Il veut m'intimider ? C'est loupé ! Il éclate alors de rire en se redressant puis effleure ma joue du revers de sa main.
- Monsieur Black ? Ciel ! Andrew qui me demande de l'appeler par son prénom et vous, Miss Parker, vous me donnez du Monsieur ?
Je me raidis un peu avant de réaliser que ma position est ridicule. En soupirant, je comprends qu'il m'est impossible de rester longtemps fâchée avec cette montagne de muscles ambulante. Justin a de l'humour et j'aime cela. Subitement, les choses deviennent plus simples. Il me plaît. Il est honnête et transparent et, surtout, ne met pas en danger mon affectif.
- OK. Touché. Je t'appellerai Justin si tu dis Livie.
- Livie... humm c'est mignon Livie. Pourquoi pas. Merci de la permission. J'ai hâte de voir la tête de Foll... euh d'Andrew quand il m'entendra t'appeler ainsi.
Il me fait un clin d'œil. Je décide de ne pas relever ses paroles.
- Marché conclu ! Pourquoi me regardais-tu de si près il y a un instant ? C'est... surprenant et agaçant, on ne se connait pas assez pour que tu vérifies mon maquillage, si ?
Ou son absence.
- Je voulais juste voir qui tu étais. Comme tu dis on ne se connait pas, tu arrives sans crier gare chez Follen, il t'adopte et Lisa arrive dans la foulée. Jusqu'à ce matin... j'étais... comment dire...
Il cherche ses mots et si l'éclairage de la terrasse avait été meilleur, j'aurais pu jurer que sa peau brune a encore foncée, comme s'il avait rougi.
- Alors ?
Je ne vais pas le laisser se défiler. Il soupire longuement, comme s'il se dégonflait. Il croise ses bras sur son torse comme pour se protéger. Je l'observe à mon tour avec attention. Ce serait un spectacle curieux que de voir ses pectoraux et biceps disparaître en quelques minutes. Je croise les bras devant ma poitrine par mimétisme. J'ai l'impression d'être aussi peu impressionnante qu'une institutrice débutante en colère.

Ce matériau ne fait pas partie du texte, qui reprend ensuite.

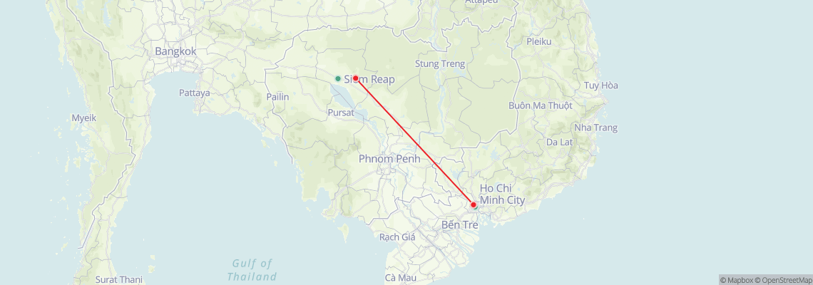 The travel distance between Ho Chi Minh and Siem Reap is 420 km. The are two options to travel from Ho Chi Minh to Siem Reap: taking a flight or a bus.

- Alors ? Ok j'avoue. J'étais un peu jaloux. Un peu intéressé par toi.
- Ah.
J'ai sûrement couiné. Et pris des couleurs à mon tour. Je ne sais pas quoi répliquer et je me détourne, préférant fixer un point vers l'horizon, subitement gênée. Andrew avait raison. Il m'avait prévenue. Je ne sais que dire. Quelques longues secondes de silence assez embarrassantes passent avant qu'il ne reprenne la parole. Il s'est accoudé à la balustrade à côté de moi et lorsque je tourne la tête pour regarder discrètement dans sa direction, il fixe à son tour Central Park, semblant éviter mon regard autant que moi j'évite le sien.
- Tu sais des jolies filles comme toi ici, il n'en défile pas tant que cela. Et dès qu'il y en a une, Follen la rafle. Elles lui tournent toujours autour même après son accident. C'est très agaçant.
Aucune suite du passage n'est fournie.